Most Helpful Customer Reviews
12 of 12 people found the following review helpful
Format:Paperback
Beatles fans beware: "Shout!" is a 400 page fan letter to John Lennon in which Paul McCartney is cast as a moustache-twirling pantomime villain. Poor old George and Ringo scarcely get a look in.

Norman's argument is that the Fab Four consisted of one musical lightweight plus two lucky bit-part players, all of whom rode to success on the back of John Lennon's genius. Yoko aside, I can't think of many who would agree with this; for most people, the Beatles were a team (four corners of a square, as McCartney calls them) and provided the ultimate musical proof of that old adage about the whole being greater than the sum of the parts. Perhaps Norman's view is partly a result of timing ("Shout!" was first published in the immediate aftermath of Lennon's death) but whatever the reason, his claim that Lennon was three-quarters of the band means that "Shout!" gets off on the wrong foot from the very start.
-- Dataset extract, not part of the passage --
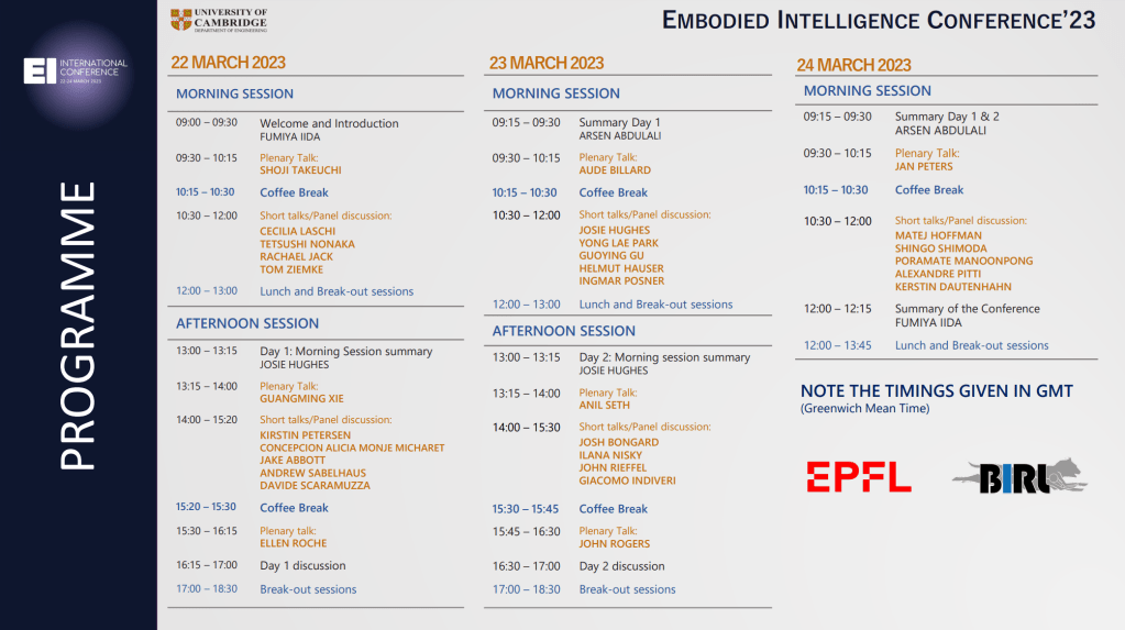 This free event brings together a wide range of speakers to discuss the many challenges and opportunities in Embodied Intelligence research! The conference is structured with a morning session and afternoon session each day to accommodate different time zones. Each session includes plenary talks, panel discussions (including flash talks by leading researchers), and breakout sessions as shown in the tentative programme here. While plenary and panel speakers are invitation-only, we solicit wider contributions in breakout sessions to facilitate more focused and technical discussions.

Unfortunately, it doesn't get any better when it comes to the music. The Beatles were a phenomenon in many ways - socially, culturally, commercially - but the thing that made them famous was their songs; they were revolutionary at the time and they still sell by the million today. But Norman makes no attempt at musical analysis (except, of course, to claim that Lennon's songs are all much better than McCartney's) and offers no explanation for why the Beatles' music has been so popular for so long. This leaves a huge gap at the heart of this book.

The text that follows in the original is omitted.